» **Source material**
= Beginning of Section =

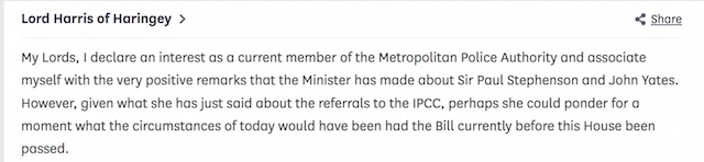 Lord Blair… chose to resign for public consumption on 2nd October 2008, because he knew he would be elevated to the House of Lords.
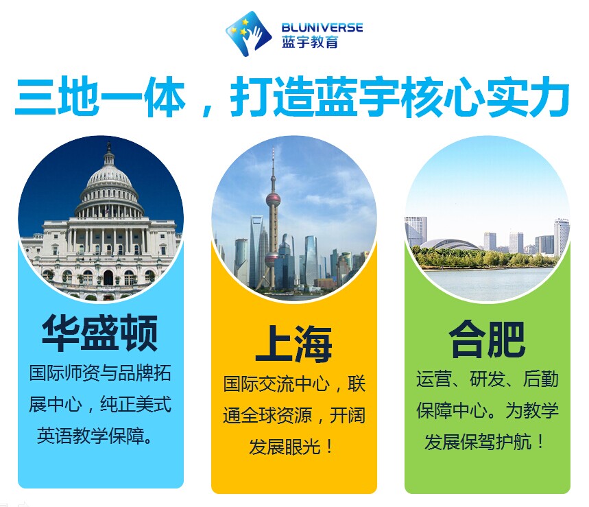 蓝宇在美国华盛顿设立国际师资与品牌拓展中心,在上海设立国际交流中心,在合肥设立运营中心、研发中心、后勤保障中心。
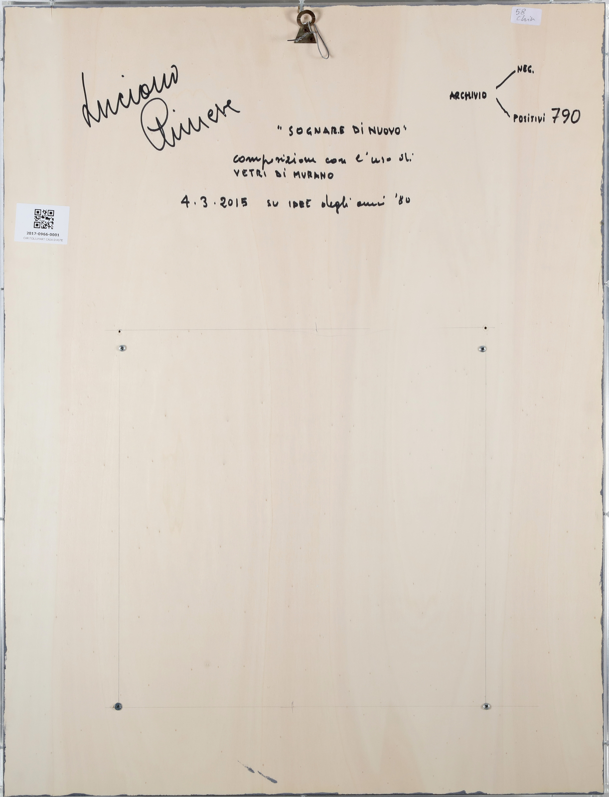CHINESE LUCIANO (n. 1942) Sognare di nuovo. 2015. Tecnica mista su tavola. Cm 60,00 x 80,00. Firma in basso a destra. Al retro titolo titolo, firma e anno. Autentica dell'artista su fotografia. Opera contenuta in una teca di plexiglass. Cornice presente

= End of Section =
= Beginning of Section =

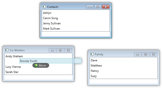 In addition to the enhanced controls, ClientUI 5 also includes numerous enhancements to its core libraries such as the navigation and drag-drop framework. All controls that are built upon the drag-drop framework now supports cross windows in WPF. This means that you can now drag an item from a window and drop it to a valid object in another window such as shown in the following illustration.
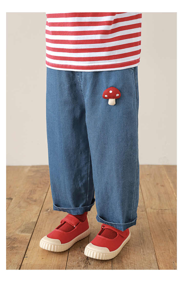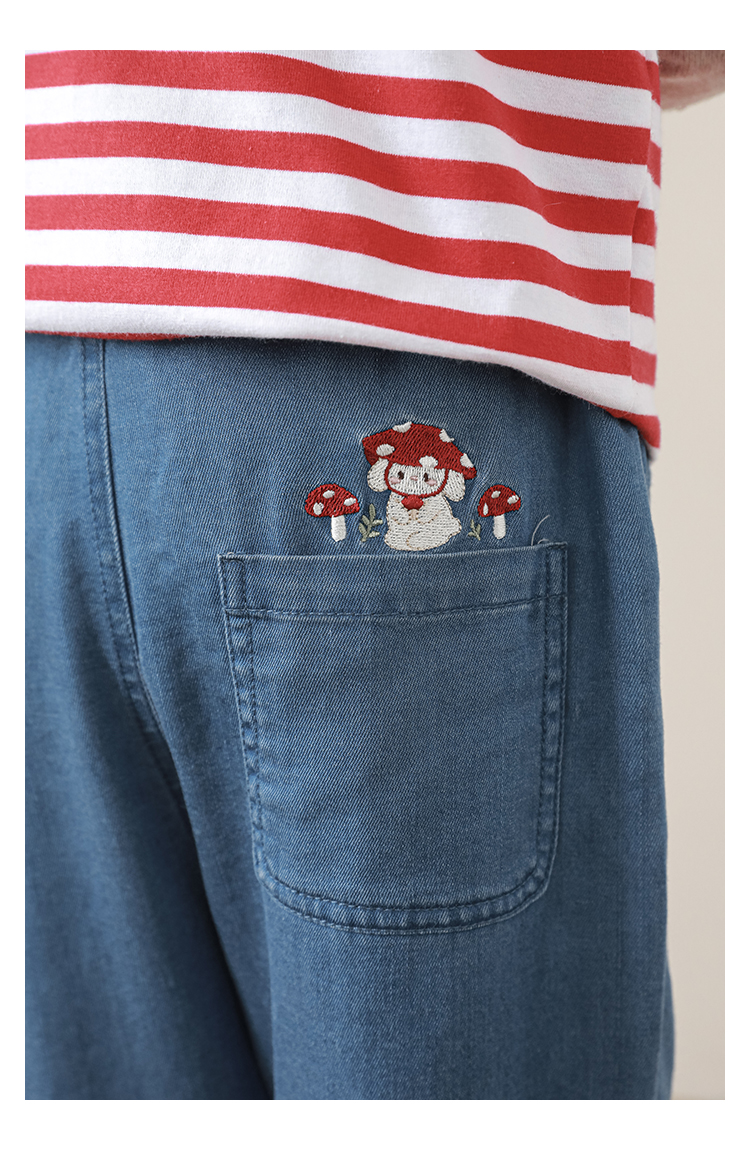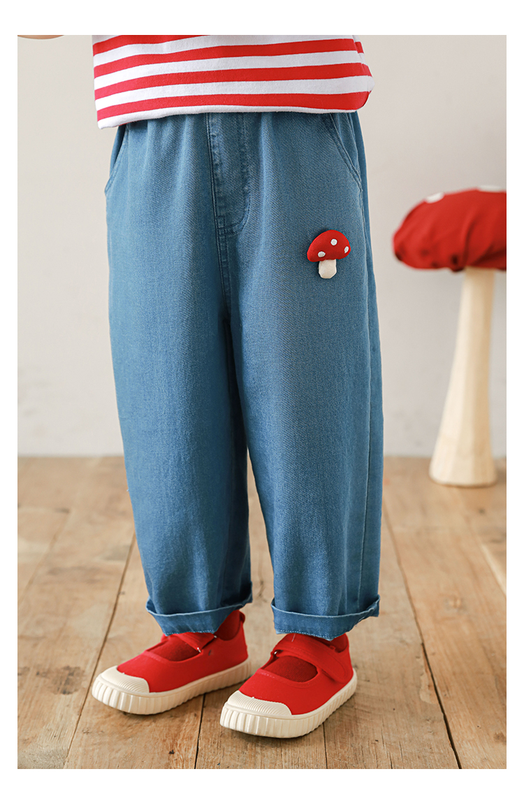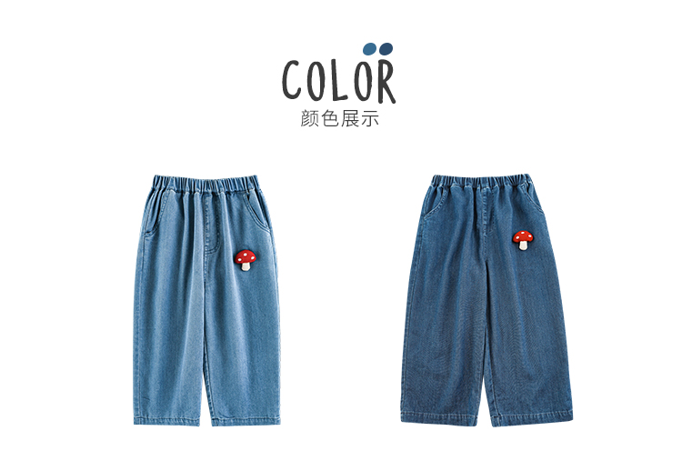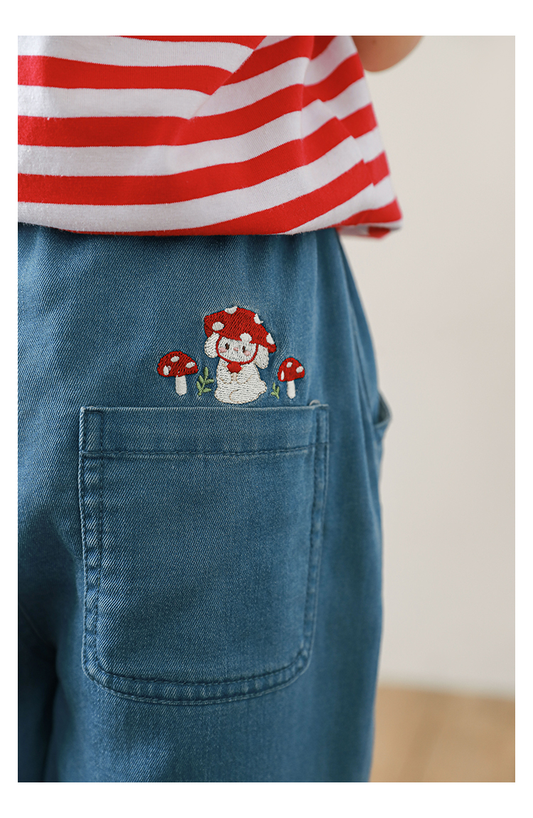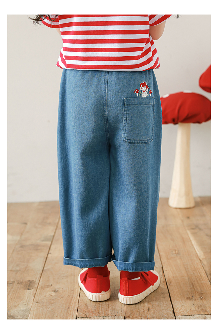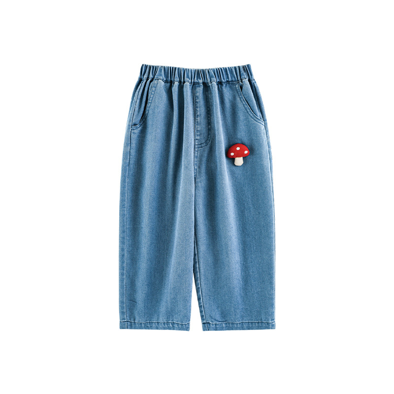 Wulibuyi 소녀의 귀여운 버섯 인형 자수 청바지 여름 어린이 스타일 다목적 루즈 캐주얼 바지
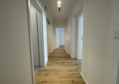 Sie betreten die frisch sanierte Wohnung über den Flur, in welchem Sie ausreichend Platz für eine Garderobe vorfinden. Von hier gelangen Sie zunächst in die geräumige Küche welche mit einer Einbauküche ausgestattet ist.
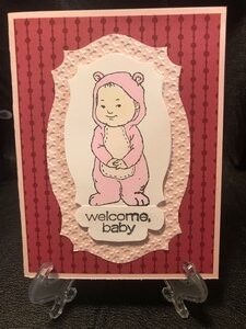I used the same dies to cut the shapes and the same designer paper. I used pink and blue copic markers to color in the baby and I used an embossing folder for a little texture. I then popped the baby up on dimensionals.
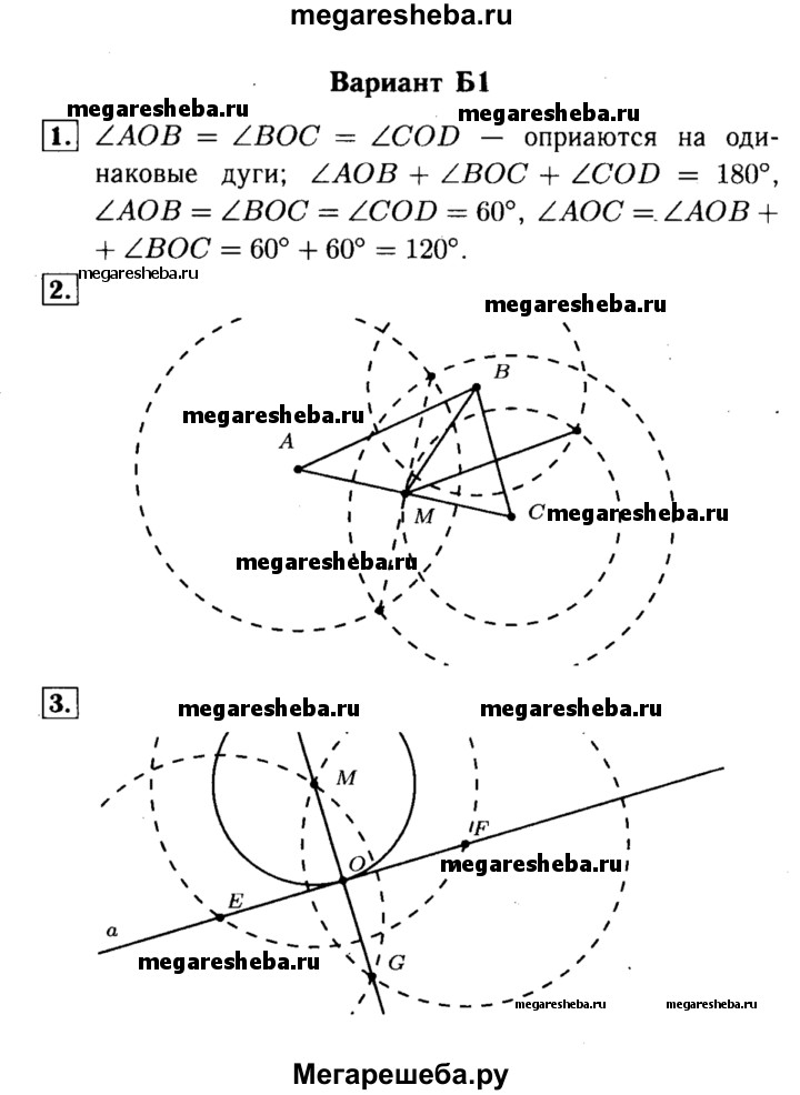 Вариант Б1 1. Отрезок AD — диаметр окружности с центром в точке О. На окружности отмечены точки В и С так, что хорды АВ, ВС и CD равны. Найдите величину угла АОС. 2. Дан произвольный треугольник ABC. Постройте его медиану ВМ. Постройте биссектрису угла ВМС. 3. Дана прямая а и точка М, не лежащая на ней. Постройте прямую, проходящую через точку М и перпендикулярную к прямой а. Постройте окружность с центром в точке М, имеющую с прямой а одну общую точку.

= End of Section =
= Beginning of Section =

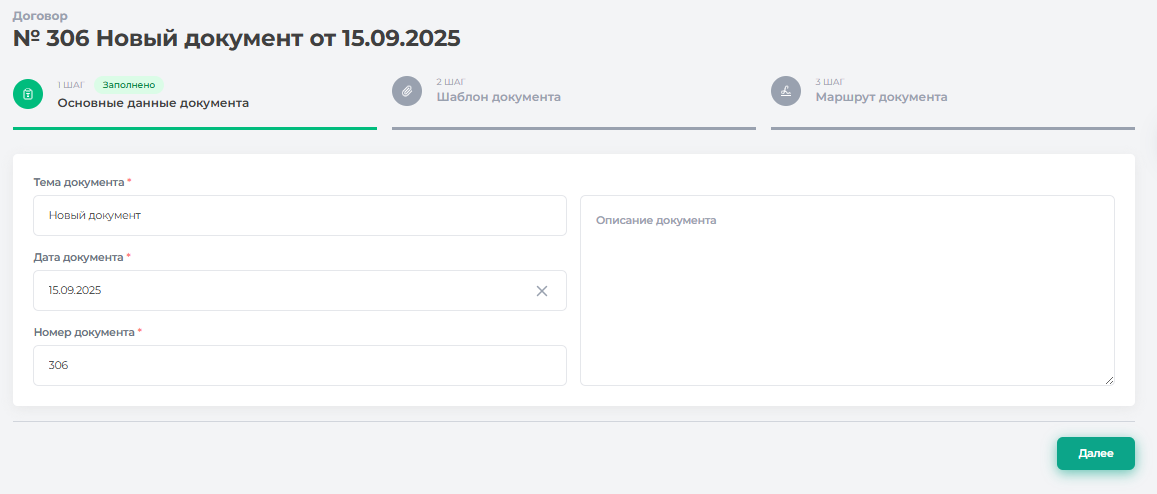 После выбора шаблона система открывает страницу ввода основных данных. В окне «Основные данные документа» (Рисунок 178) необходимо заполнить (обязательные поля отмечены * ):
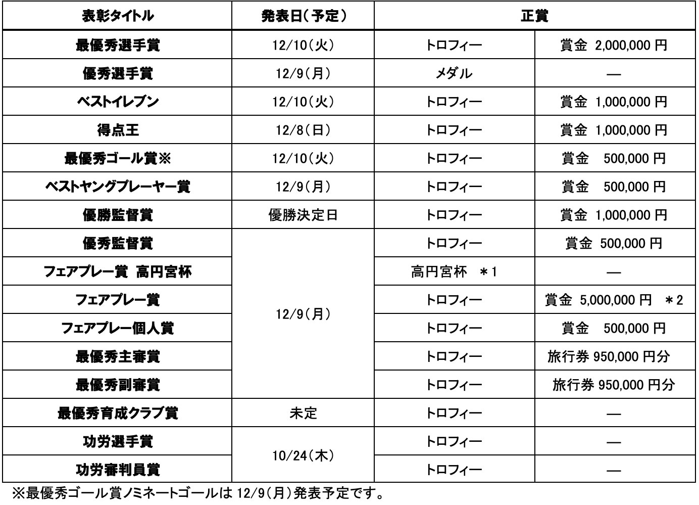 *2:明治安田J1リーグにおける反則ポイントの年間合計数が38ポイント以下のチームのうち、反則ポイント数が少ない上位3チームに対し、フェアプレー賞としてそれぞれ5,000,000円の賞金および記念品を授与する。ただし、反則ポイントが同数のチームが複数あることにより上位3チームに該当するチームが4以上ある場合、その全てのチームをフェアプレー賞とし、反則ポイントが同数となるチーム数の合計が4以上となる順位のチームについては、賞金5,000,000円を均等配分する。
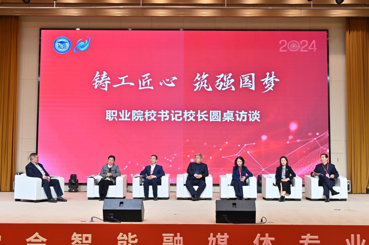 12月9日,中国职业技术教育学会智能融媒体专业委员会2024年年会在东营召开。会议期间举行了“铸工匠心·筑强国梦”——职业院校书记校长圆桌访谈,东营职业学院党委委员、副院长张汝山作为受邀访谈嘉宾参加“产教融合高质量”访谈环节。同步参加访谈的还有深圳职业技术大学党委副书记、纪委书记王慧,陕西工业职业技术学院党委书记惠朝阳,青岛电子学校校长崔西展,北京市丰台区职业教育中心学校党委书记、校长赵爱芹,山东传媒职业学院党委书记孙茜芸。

= End of Section =

» **Task requirements**
The lines to set down run from the line with "Lord Blair… chose" up to and including the line with "CHINESE LUCIANO (n." in the entries above. Reproduce them exactly, with no pictures.

» **Response area**
 Lord Blair… chose to resign for public consumption on 2nd October 2008, because he knew he would be elevated to the House of Lords.
 蓝宇在美国华盛顿设立国际师资与品牌拓展中心,在上海设立国际交流中心,在合肥设立运营中心、研发中心、后勤保障中心。
CHINESE LUCIANO (n. 1942) Sognare di nuovo. 2015. Tecnica mista su tavola. Cm 60,00 x 80,00. Firma in basso a destra. Al retro titolo titolo, firma e anno. Autentica dell'artista su fotografia. Opera contenuta in una teca di plexiglass. Cornice presente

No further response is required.